Each line of the data below between the one containing "without any tools." and the one containing "really broke up?’", both included, is to be repeated exactly. Please omit pictures.

*** DATA FOR REVIEW ***

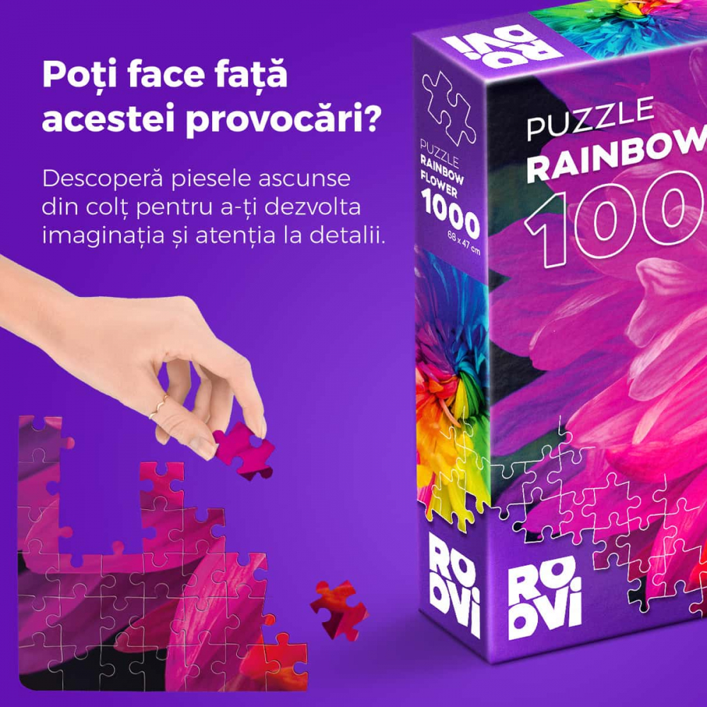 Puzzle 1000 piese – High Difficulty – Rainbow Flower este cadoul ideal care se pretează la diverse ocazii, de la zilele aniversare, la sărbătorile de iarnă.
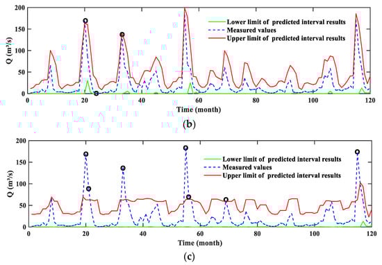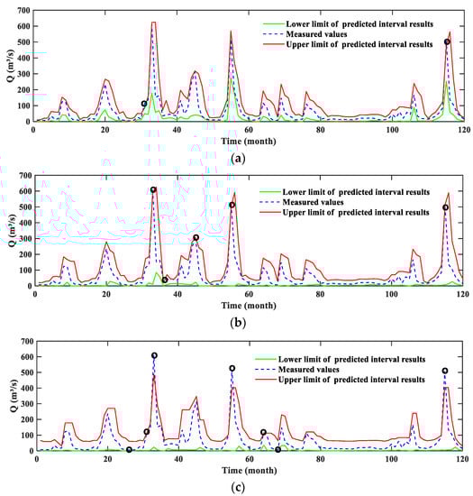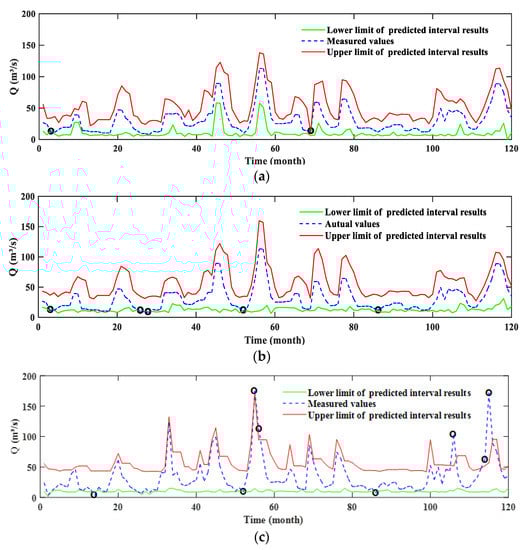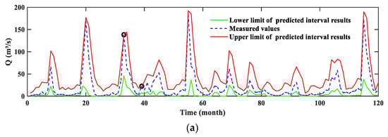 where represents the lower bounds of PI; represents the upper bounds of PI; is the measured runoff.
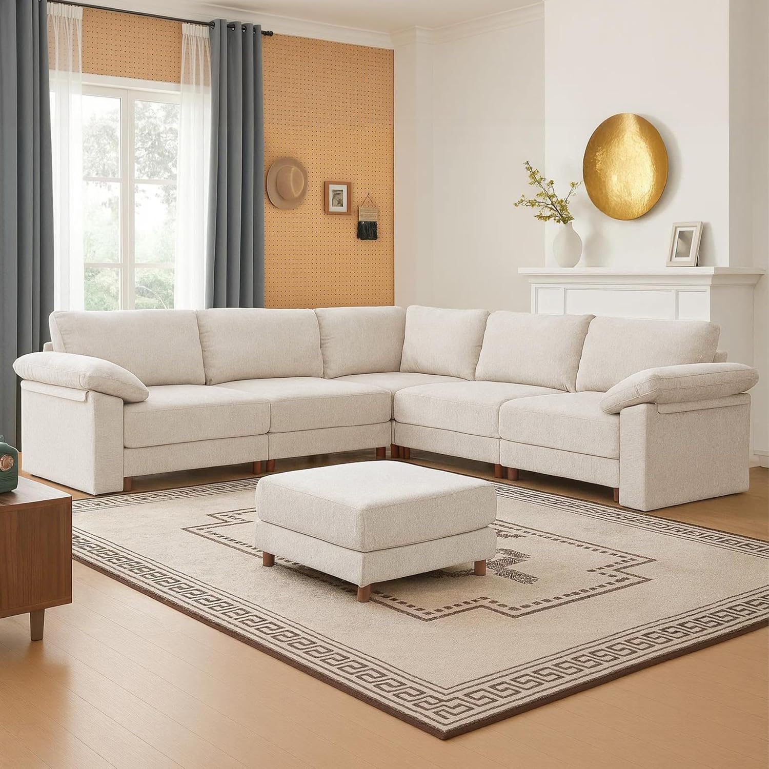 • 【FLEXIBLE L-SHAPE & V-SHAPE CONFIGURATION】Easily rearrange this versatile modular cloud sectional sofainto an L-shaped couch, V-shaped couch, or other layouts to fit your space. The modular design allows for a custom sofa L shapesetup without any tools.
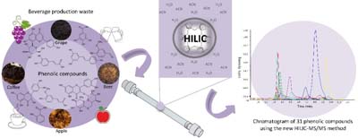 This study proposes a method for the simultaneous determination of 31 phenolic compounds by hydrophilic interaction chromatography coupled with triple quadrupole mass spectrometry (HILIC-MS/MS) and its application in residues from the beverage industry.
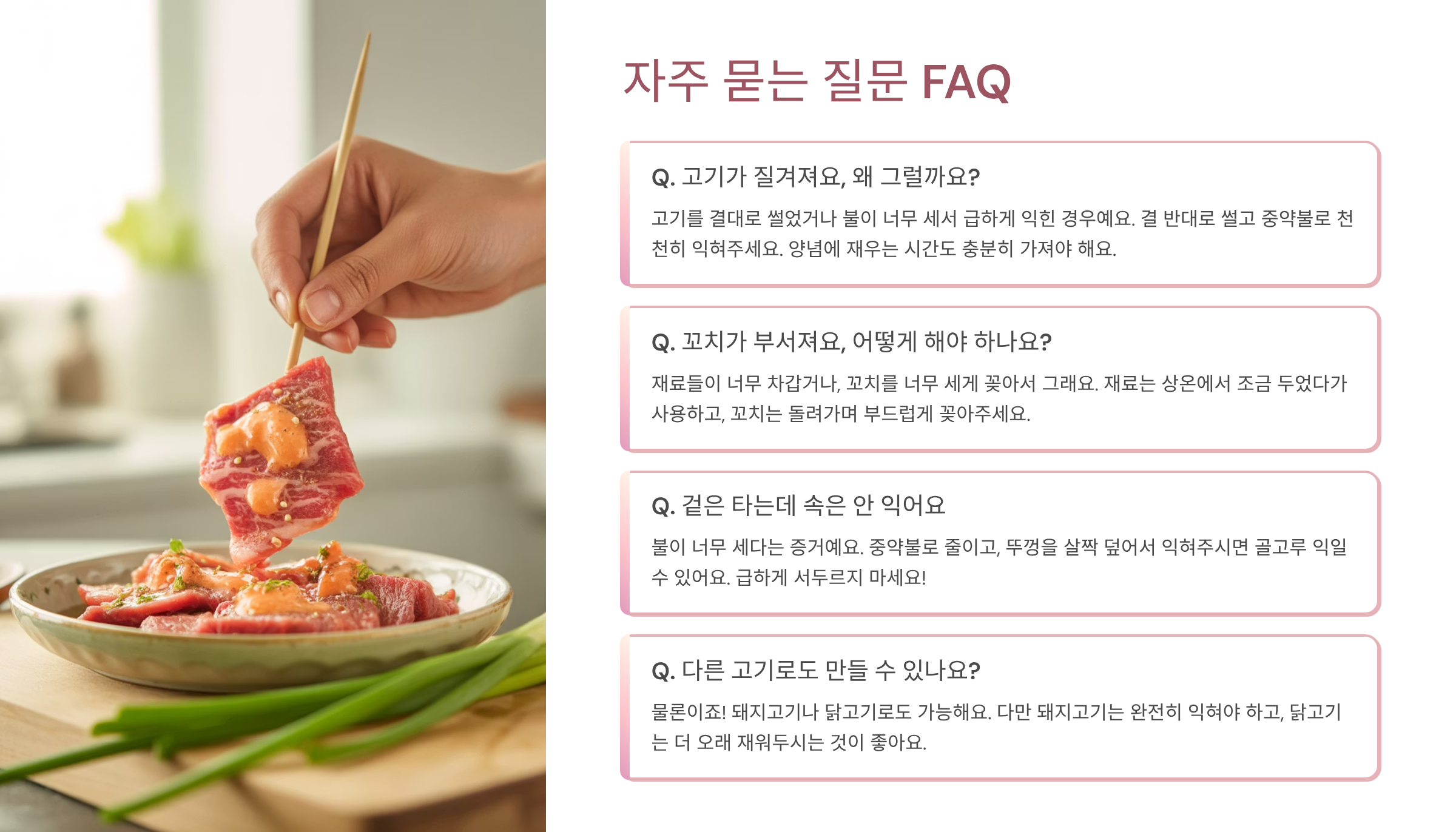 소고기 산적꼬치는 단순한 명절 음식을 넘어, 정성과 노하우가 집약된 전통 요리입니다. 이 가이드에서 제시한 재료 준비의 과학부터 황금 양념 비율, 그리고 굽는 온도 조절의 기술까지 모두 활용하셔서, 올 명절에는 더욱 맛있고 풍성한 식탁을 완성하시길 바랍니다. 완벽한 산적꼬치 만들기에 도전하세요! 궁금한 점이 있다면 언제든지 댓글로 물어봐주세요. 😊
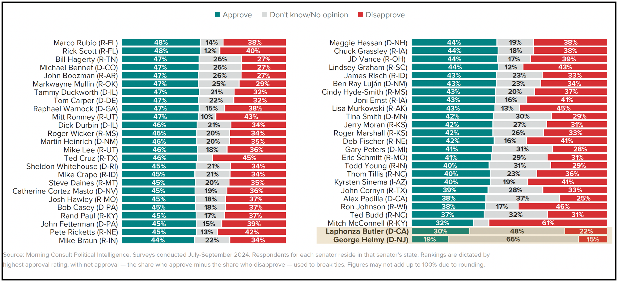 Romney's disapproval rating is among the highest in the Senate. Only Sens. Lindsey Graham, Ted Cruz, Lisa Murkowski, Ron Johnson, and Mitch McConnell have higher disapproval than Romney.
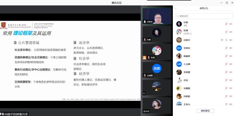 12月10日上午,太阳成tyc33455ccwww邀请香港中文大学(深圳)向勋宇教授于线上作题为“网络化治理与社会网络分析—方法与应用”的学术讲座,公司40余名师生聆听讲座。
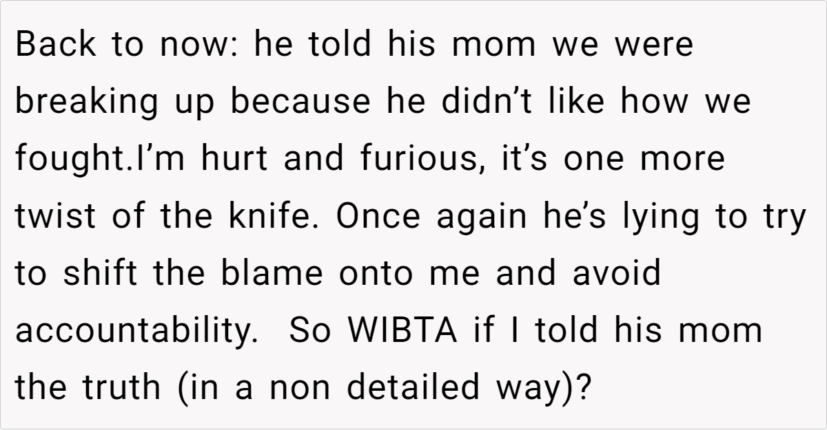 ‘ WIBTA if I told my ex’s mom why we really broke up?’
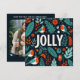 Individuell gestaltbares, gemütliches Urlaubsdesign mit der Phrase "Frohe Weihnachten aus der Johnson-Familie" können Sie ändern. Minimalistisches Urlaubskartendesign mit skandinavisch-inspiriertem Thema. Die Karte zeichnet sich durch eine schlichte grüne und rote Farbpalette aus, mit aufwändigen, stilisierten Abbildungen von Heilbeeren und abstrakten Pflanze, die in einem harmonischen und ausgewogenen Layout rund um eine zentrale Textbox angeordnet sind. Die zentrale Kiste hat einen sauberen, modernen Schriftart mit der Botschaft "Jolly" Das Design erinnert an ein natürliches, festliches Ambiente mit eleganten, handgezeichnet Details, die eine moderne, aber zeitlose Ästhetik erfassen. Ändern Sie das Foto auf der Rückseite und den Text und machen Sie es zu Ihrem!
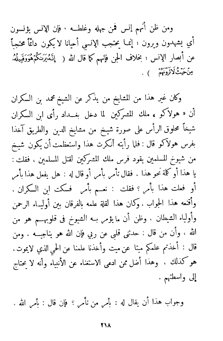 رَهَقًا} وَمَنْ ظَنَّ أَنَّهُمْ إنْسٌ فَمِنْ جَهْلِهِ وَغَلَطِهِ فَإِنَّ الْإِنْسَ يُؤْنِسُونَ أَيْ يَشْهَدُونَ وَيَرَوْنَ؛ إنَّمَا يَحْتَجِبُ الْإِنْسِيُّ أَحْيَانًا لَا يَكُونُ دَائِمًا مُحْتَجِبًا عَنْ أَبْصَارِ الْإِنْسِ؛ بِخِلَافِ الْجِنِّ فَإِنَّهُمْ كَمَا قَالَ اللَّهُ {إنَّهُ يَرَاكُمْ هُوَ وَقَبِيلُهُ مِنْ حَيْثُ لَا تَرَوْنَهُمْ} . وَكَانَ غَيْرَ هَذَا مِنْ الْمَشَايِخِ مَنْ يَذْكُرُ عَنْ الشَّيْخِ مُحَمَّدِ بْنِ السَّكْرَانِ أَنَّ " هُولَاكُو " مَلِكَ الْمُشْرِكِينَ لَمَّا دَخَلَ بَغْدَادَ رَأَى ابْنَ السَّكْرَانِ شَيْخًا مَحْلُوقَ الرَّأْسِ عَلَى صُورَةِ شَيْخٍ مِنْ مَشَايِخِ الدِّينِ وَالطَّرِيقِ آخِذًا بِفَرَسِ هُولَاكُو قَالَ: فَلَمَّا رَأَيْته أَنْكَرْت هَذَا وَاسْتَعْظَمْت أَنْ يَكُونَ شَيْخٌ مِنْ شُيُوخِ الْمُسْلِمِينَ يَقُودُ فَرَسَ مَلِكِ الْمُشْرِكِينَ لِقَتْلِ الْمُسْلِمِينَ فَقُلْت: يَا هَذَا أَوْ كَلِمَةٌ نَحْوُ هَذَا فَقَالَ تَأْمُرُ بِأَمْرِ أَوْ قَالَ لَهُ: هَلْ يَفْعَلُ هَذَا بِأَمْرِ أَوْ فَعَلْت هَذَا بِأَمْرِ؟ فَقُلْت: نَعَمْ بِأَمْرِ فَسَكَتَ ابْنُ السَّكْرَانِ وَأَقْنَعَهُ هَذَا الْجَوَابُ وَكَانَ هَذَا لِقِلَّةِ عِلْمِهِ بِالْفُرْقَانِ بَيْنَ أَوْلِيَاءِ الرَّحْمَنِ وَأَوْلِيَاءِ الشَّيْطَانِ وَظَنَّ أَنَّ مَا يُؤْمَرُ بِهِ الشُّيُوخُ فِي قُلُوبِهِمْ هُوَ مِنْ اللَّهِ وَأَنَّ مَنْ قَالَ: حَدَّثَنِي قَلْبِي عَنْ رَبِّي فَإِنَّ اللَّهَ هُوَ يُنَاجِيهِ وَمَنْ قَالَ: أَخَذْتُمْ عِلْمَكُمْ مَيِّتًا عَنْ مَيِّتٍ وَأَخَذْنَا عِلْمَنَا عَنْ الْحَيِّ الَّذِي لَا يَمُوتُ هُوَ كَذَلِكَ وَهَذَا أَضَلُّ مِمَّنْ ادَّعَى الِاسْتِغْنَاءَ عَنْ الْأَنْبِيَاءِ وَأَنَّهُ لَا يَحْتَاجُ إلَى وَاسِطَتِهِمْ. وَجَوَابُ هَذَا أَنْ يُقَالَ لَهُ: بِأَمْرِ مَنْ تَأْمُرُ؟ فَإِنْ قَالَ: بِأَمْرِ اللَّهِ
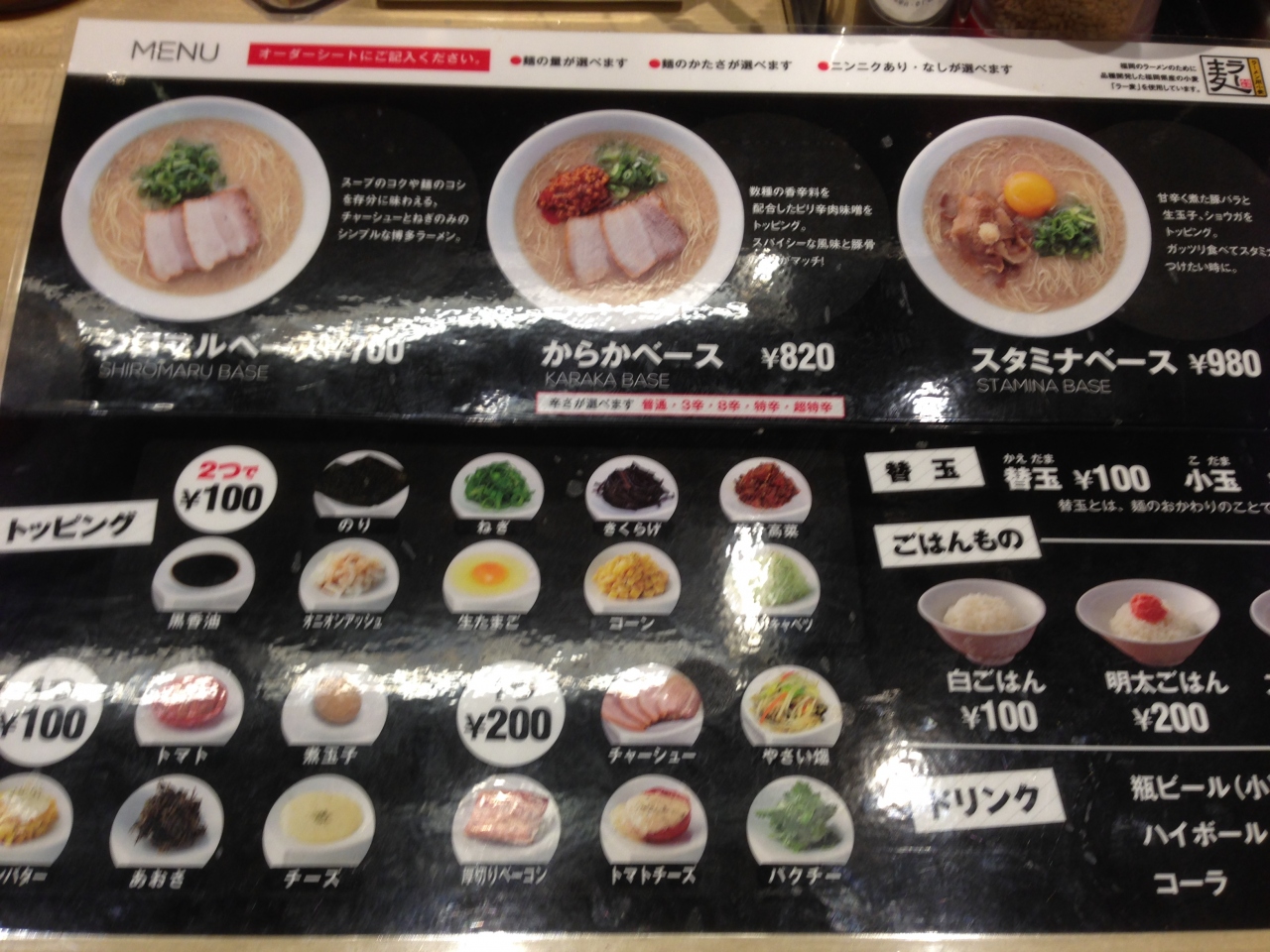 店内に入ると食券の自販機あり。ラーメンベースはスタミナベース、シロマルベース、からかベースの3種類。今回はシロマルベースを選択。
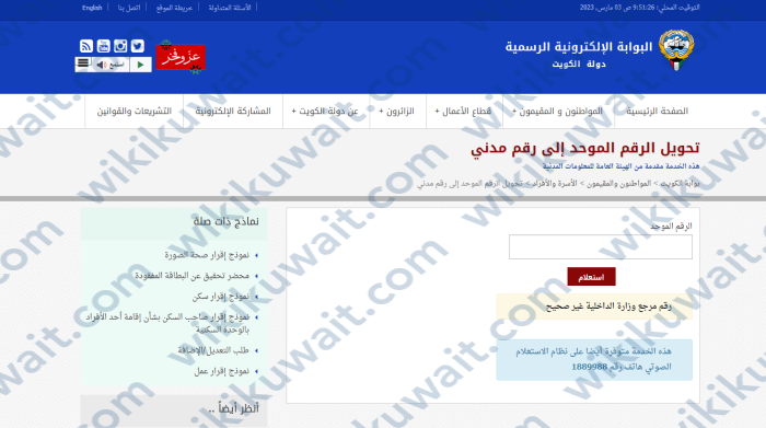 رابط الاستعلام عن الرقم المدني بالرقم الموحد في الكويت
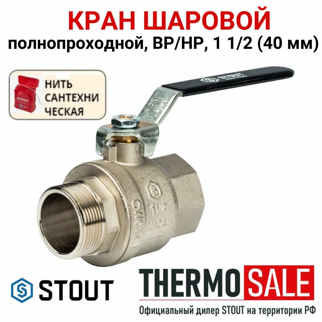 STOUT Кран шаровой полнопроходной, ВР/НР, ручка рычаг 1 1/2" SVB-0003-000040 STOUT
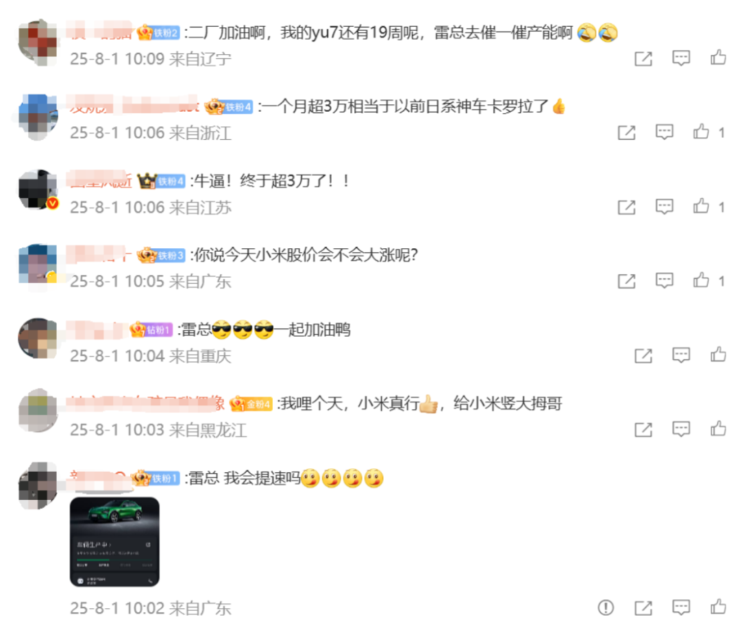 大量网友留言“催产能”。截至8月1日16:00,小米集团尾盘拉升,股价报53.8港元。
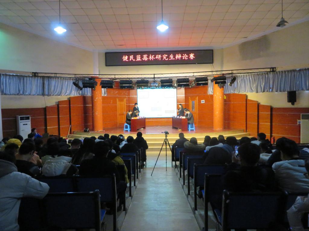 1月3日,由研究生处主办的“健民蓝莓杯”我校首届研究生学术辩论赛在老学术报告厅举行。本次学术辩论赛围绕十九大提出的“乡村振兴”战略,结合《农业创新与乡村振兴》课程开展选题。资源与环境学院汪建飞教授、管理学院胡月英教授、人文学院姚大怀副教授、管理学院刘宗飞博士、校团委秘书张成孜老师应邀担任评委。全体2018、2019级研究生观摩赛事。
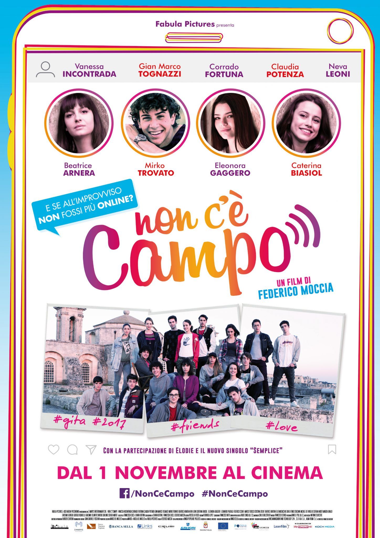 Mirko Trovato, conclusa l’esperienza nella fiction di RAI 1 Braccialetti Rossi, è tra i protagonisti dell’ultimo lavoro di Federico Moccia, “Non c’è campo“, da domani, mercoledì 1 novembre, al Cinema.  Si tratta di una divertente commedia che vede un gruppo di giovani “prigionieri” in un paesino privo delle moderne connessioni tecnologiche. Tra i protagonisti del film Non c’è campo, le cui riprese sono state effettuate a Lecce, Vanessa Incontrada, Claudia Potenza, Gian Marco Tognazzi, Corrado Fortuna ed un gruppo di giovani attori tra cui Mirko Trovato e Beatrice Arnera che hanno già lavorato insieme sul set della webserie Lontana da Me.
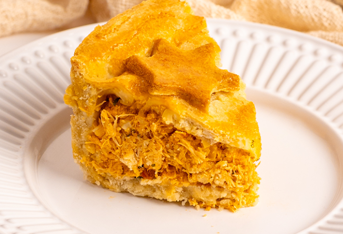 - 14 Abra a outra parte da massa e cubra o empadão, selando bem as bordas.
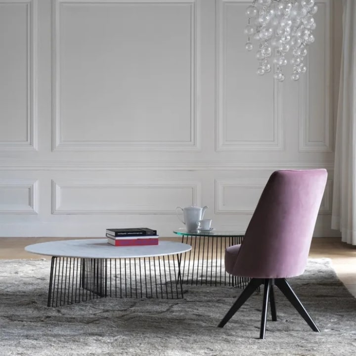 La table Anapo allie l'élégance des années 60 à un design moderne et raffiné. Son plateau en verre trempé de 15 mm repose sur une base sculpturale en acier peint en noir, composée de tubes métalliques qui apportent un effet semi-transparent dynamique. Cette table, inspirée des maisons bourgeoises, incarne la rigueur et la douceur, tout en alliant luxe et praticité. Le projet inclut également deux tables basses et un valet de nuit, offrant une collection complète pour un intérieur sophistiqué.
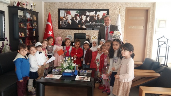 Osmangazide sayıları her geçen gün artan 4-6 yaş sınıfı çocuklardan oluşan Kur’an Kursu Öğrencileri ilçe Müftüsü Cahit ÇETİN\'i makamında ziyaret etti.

*** End of DATA FOR REVIEW ***

[ANSWER TO THE EXERCISE]
 • 【FLEXIBLE L-SHAPE & V-SHAPE CONFIGURATION】Easily rearrange this versatile modular cloud sectional sofainto an L-shaped couch, V-shaped couch, or other layouts to fit your space. The modular design allows for a custom sofa L shapesetup without any tools.
 This study proposes a method for the simultaneous determination of 31 phenolic compounds by hydrophilic interaction chromatography coupled with triple quadrupole mass spectrometry (HILIC-MS/MS) and its application in residues from the beverage industry.
 소고기 산적꼬치는 단순한 명절 음식을 넘어, 정성과 노하우가 집약된 전통 요리입니다. 이 가이드에서 제시한 재료 준비의 과학부터 황금 양념 비율, 그리고 굽는 온도 조절의 기술까지 모두 활용하셔서, 올 명절에는 더욱 맛있고 풍성한 식탁을 완성하시길 바랍니다. 완벽한 산적꼬치 만들기에 도전하세요! 궁금한 점이 있다면 언제든지 댓글로 물어봐주세요. 😊
 Romney's disapproval rating is among the highest in the Senate. Only Sens. Lindsey Graham, Ted Cruz, Lisa Murkowski, Ron Johnson, and Mitch McConnell have higher disapproval than Romney.
 12月10日上午,太阳成tyc33455ccwww邀请香港中文大学(深圳)向勋宇教授于线上作题为“网络化治理与社会网络分析—方法与应用”的学术讲座,公司40余名师生聆听讲座。
 ‘ WIBTA if I told my ex’s mom why we really broke up?’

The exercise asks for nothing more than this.